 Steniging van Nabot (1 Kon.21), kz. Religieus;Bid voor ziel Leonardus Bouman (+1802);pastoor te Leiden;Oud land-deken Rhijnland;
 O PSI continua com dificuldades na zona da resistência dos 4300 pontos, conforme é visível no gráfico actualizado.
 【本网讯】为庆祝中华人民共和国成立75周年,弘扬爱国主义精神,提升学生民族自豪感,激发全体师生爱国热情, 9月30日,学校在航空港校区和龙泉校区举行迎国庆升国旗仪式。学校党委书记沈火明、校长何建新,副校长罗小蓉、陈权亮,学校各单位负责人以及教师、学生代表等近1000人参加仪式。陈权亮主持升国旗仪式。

--------------------------------

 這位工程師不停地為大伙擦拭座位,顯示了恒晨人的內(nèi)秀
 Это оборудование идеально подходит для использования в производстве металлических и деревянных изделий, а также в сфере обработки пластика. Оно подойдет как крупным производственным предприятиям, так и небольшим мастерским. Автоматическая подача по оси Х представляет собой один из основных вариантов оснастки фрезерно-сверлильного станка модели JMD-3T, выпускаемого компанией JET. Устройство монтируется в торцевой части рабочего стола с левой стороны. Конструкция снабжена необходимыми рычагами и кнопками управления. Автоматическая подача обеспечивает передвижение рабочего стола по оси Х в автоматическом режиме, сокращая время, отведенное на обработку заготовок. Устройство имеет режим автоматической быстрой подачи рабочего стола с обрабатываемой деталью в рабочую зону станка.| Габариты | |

--------------------------------

* [EXERCISE BRIEF]:
From the records above, copy out the line with "這位工程師不停地為大伙擦拭座位,顯示了恒晨人的內(nèi)秀", the line with "Это оборудование идеально", and every line between them, word for word.

* [EXERCISE RESPONSE]:
 這位工程師不停地為大伙擦拭座位,顯示了恒晨人的內(nèi)秀
 Это оборудование идеально подходит для использования в производстве металлических и деревянных изделий, а также в сфере обработки пластика. Оно подойдет как крупным производственным предприятиям, так и небольшим мастерским. Автоматическая подача по оси Х представляет собой один из основных вариантов оснастки фрезерно-сверлильного станка модели JMD-3T, выпускаемого компанией JET. Устройство монтируется в торцевой части рабочего стола с левой стороны. Конструкция снабжена необходимыми рычагами и кнопками управления. Автоматическая подача обеспечивает передвижение рабочего стола по оси Х в автоматическом режиме, сокращая время, отведенное на обработку заготовок. Устройство имеет режим автоматической быстрой подачи рабочего стола с обрабатываемой деталью в рабочую зону станка.| Габариты | |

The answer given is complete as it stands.